[Start of section]
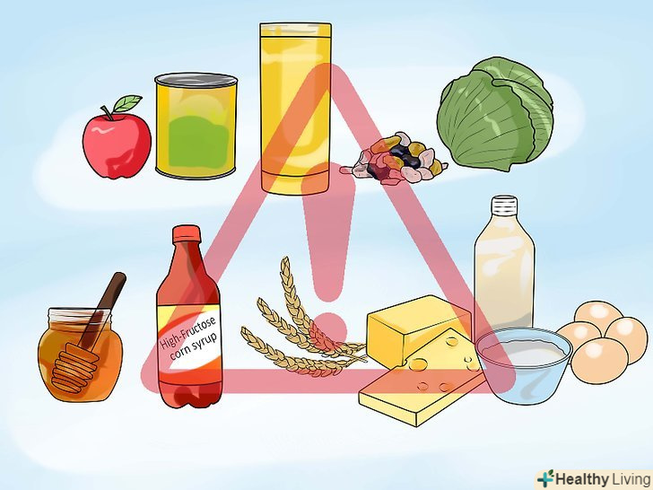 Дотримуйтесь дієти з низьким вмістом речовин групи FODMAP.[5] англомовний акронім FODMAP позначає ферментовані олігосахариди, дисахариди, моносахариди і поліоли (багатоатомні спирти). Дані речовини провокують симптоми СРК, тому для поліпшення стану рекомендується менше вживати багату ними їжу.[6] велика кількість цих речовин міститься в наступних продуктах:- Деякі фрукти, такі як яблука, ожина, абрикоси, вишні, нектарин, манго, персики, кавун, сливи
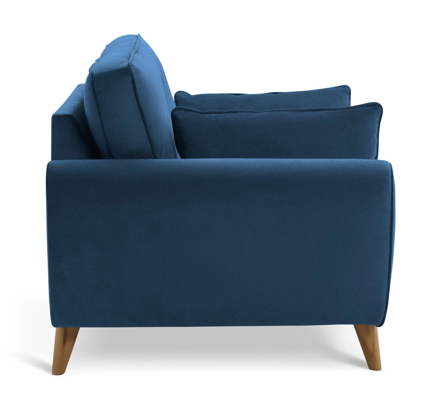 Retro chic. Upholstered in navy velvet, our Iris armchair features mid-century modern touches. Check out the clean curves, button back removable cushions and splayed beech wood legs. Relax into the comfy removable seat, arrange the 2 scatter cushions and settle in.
[End of section]
[Start of section]
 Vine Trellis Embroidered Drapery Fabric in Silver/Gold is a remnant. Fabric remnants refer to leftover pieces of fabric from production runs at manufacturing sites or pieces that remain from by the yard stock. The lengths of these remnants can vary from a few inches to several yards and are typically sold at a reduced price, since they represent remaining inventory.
[End of section]
> **What is needed**:
Extract, without any images, the part of the material above that opens with the line containing "Дотримуйтесь дієти з" and closes with the line containing "Retro chic. Upholstered", both lines included.

> **Answer space**:
 Дотримуйтесь дієти з низьким вмістом речовин групи FODMAP.[5] англомовний акронім FODMAP позначає ферментовані олігосахариди, дисахариди, моносахариди і поліоли (багатоатомні спирти). Дані речовини провокують симптоми СРК, тому для поліпшення стану рекомендується менше вживати багату ними їжу.[6] велика кількість цих речовин міститься в наступних продуктах:- Деякі фрукти, такі як яблука, ожина, абрикоси, вишні, нектарин, манго, персики, кавун, сливи
 Retro chic. Upholstered in navy velvet, our Iris armchair features mid-century modern touches. Check out the clean curves, button back removable cushions and splayed beech wood legs. Relax into the comfy removable seat, arrange the 2 scatter cushions and settle in.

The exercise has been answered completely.